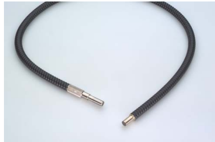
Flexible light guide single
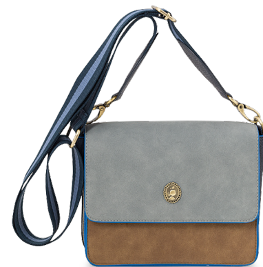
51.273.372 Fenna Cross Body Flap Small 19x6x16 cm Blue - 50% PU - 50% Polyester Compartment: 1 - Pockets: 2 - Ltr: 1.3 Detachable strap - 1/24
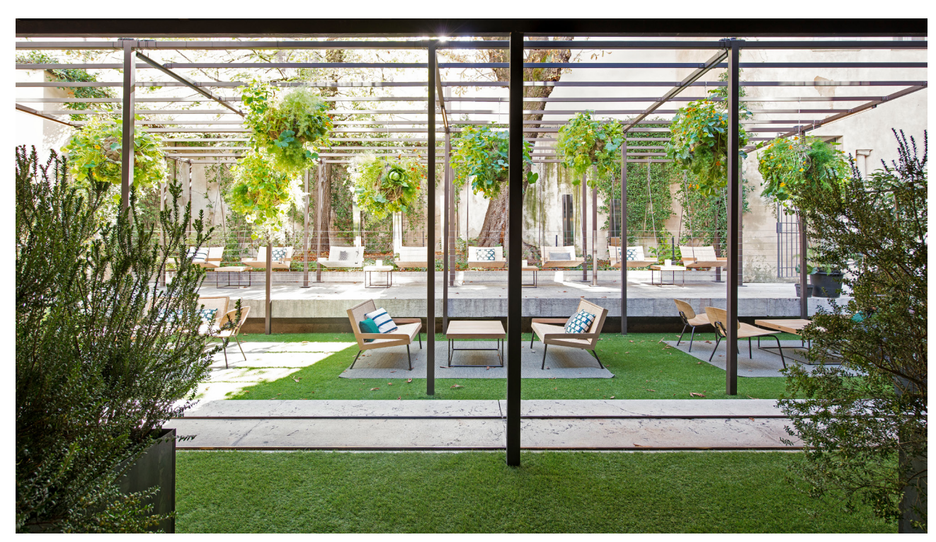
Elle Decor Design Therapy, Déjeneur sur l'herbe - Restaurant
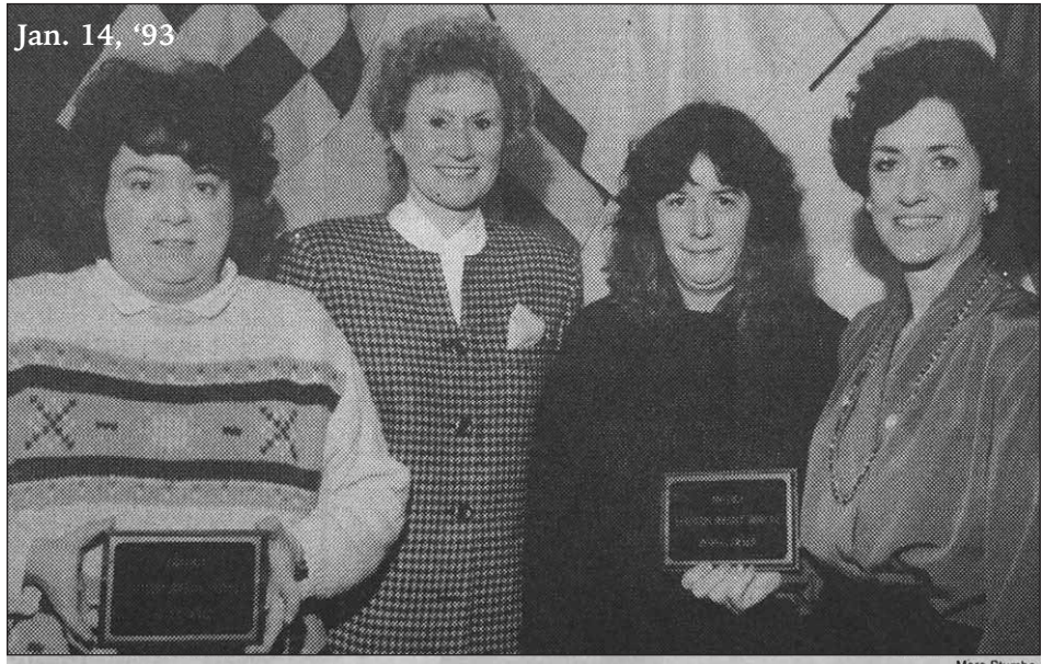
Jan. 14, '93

* * *

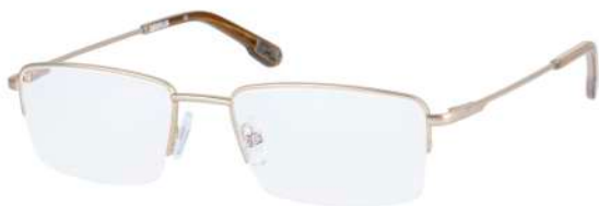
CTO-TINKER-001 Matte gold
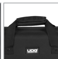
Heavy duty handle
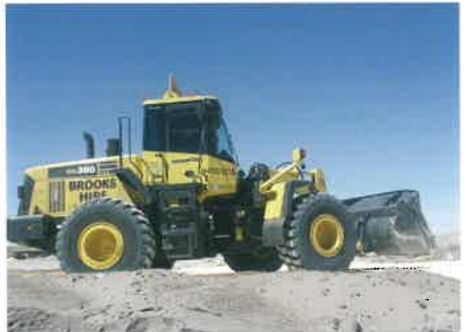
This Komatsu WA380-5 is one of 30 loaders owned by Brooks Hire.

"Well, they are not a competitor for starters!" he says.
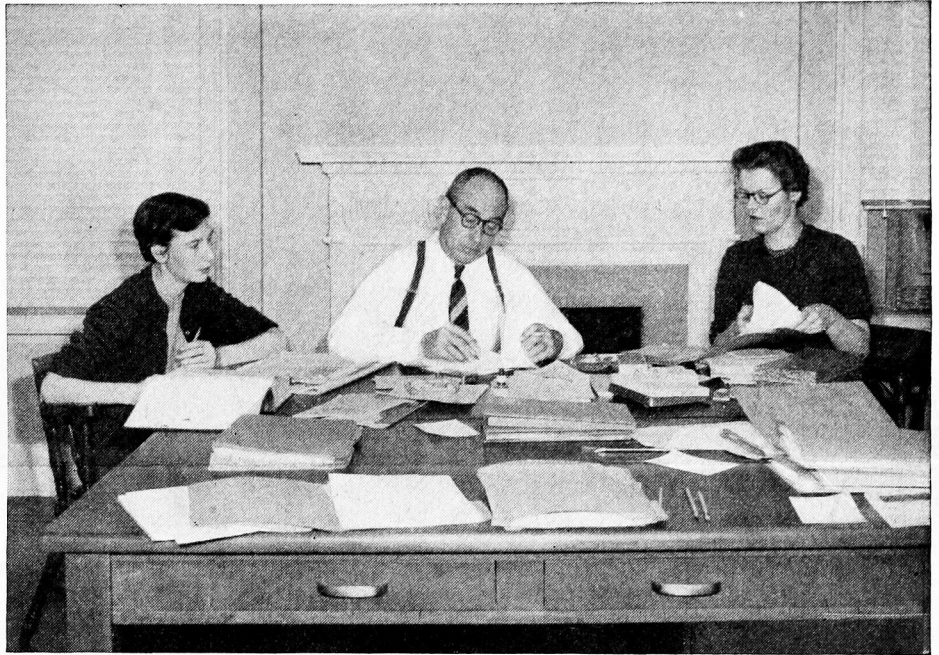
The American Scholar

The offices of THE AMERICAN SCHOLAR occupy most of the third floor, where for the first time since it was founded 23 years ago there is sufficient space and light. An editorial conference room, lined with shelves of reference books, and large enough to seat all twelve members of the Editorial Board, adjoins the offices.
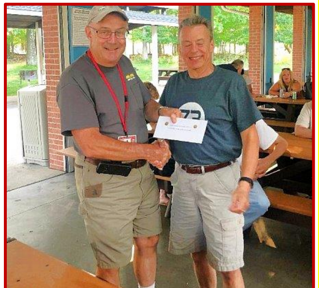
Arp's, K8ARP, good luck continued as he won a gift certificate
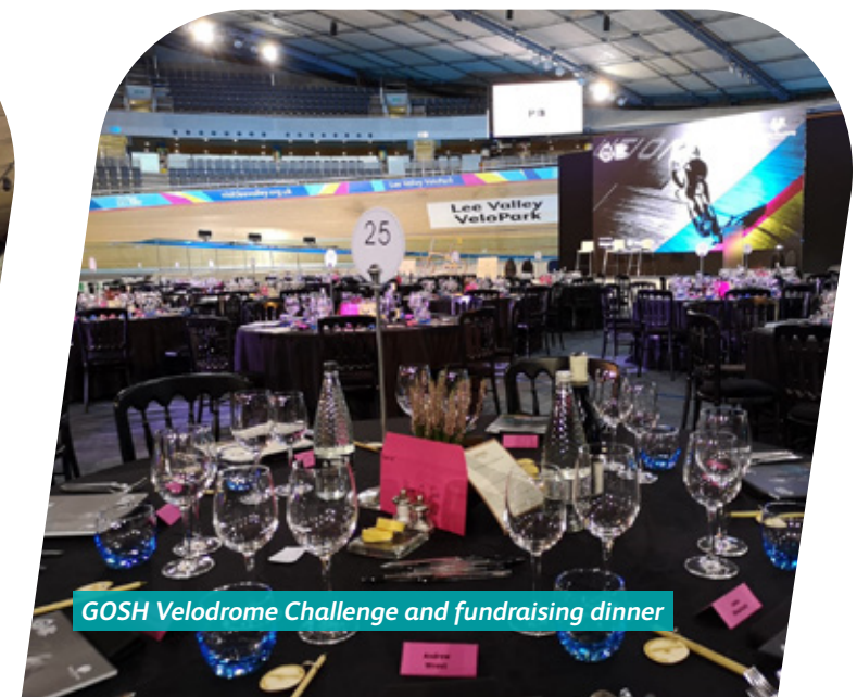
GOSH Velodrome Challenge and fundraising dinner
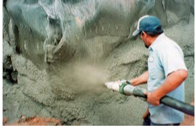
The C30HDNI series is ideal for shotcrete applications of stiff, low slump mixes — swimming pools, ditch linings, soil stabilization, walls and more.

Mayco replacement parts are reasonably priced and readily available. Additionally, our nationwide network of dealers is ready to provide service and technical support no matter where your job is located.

---

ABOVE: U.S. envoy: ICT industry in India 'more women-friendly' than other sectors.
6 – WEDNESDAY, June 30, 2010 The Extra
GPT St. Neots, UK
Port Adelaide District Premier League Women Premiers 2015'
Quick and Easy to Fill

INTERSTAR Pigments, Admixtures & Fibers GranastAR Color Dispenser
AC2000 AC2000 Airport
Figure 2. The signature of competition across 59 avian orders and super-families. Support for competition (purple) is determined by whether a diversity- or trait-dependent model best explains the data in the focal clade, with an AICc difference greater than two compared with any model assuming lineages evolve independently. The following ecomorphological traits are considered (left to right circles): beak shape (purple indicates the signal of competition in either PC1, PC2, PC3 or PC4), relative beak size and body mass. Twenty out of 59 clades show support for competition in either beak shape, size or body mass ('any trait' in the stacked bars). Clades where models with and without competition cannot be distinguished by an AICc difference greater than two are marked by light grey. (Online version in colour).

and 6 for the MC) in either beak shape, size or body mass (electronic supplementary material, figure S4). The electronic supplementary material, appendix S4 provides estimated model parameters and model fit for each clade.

• WORK REQUEST: Return only the part above that opens with the line containing "Flexible light guide single" and closes with the line containing "Jan. 14, '93", exactly and with both ends, skipping the pictures.

• OUTPUT:
Flexible light guide single
51.273.372 Fenna Cross Body Flap Small 19x6x16 cm Blue - 50% PU - 50% Polyester Compartment: 1 - Pockets: 2 - Ltr: 1.3 Detachable strap - 1/24
Elle Decor Design Therapy, Déjeneur sur l'herbe - Restaurant
Jan. 14, '93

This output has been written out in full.